Yes, I understand that this school's and district's tone has been set by whatever happened before our family arrived here, but my "sugar/vinegar" alarm has been going off for almost three weeks now, and I'm becoming depressed by the thought that there is a very good chance it will not cease in the next nine months.

Closing comments from this evening included a promise from the coach that she'd make sure volleyball was fun for the girls this year because NEXT YEAR with "that other coach" was going to be "rough." WHAT?!?!?! She also asked that we NOT call the principal or athletic director for the school district until we had talked to her first. Fair enough, but her reasoning was this: if we need to know why she "yelled at" our children during practice or during games, it would be more appropriate to ask her directly than to go and complain to others.

I understand the flies and sugar. Now I'm wondering what kind of eighth grade volleyball requires yelling, verbal reprimands, and possibly public humiliation as coaching techniques.

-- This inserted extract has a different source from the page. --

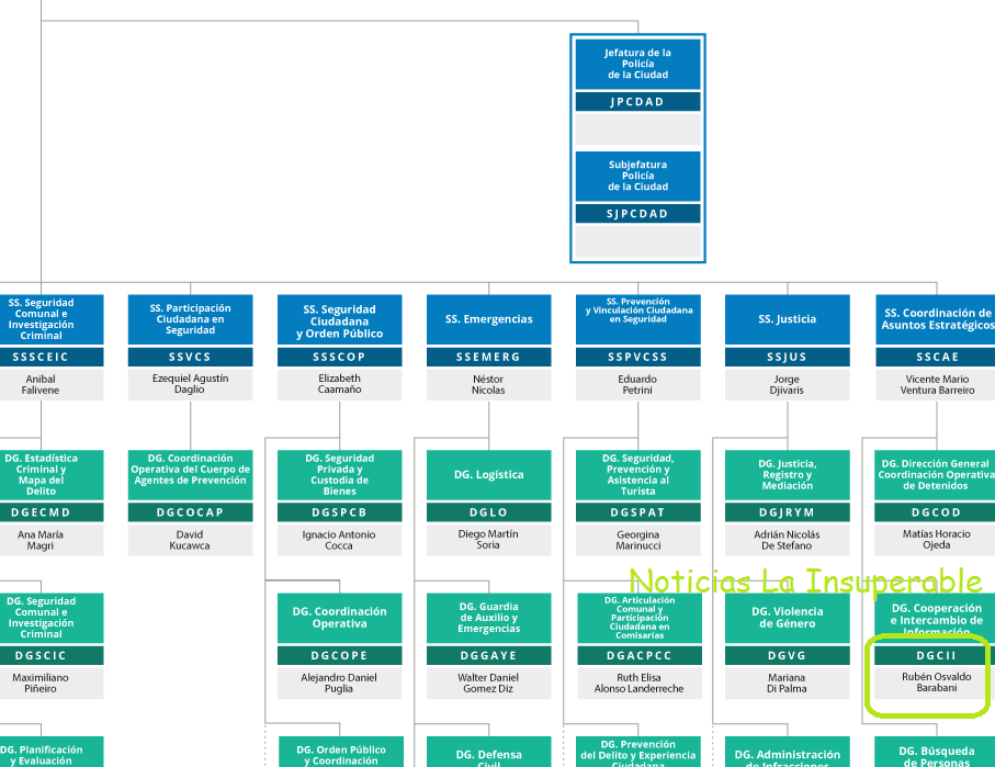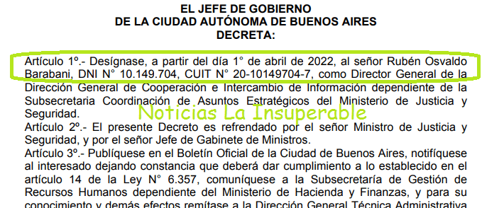 Según el DECRETO N.º 208/22 fechado el pasado 14 de junio y firmado por Horacio Rodríguez Larreta, el jefe de Gabinete porteño, Felipe Miguel y el ministro de Justicia y Seguridad de CABA, Marcelo D’Alessandro, Rubén Barabani fue designado, con fecha 1º de abril, como Director General de la Dirección General de Cooperación e Intercambio de Información dependiente de la Subsecretaria Coordinación de Asuntos Estratégicos del Ministerio de Justicia y Seguridad.
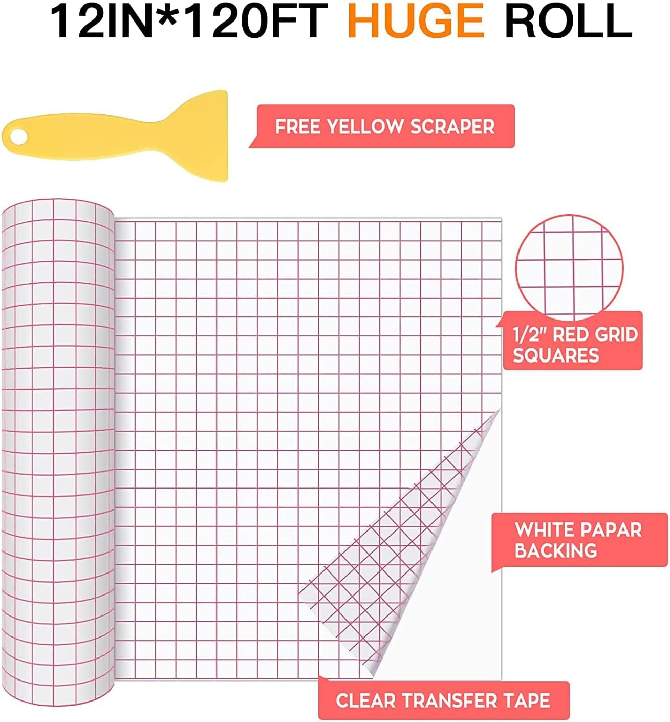 12" X 120 ft w/Red Alignment Grid Transfer Paper for Adhesive Vinyl

Tuesday, September 04, 2007

What I'm Learning about NOW!

* Pillowfighting with two-year-olds each morning. One particular child, in fact! Concept to remember: While participating in a pillow fight with a young child, watch out, because things like toy buses, toy trucks, and board books *might* accompany the down-filled THWAK that you're expecting! Ouch! My eye!

* The wide world of Blogging. I have this blog, my MySpace page, and I'm now participating in some sort of "wiki" addressing technology in education. My first entry was HUGE. Wordy. Something to produce eye strain. Sigh. And I've been "tagged" and had my page "linked" to others. Concept to remember: never stop learning. I'm looking up blog definitions daily since I'm a late bloomer. Why is commenting good for bloggers? Thanks to Chris Garrett, the author- hope I'm learning how to link appropriately!

* Stress relief and hobby time. With so many friends pregnant (found out about another one yesterday!), I've had the perfect reason to crochet my little heart out! With concerns over employment, the realization my babies are growing up (eldest son turned seventeen two days ago), and wondering where Uncle Sam will send us next, I again have the perfect reasons to crochet. So I've found some fun patterns in books and online, but the basic granny square is still my favorite. Concept to remember: self-care is a good idea as is letting one's creative juices....crochet! Here's the latest blankie:* Creating a homeschool curriculum. Yep, after the nightmare that was my youngest nephew's kindergarten experience, my sister has decided to homeschool him. I'll be digging through my classroom materials, manipulatives, and book lists to share with her to get the little guy feeling better and on track. I'm guessing he'll enjoy Zoo Phonics, a program I've used with almost all of my kindergarten classes after Diane introduced it to me years ago! Concept to remember: sharing is good, and so is knowing when to ask for help.

Now all I need to do is figure out the best way to win the lottery! If a Wiccan teacher can do it, then so can I!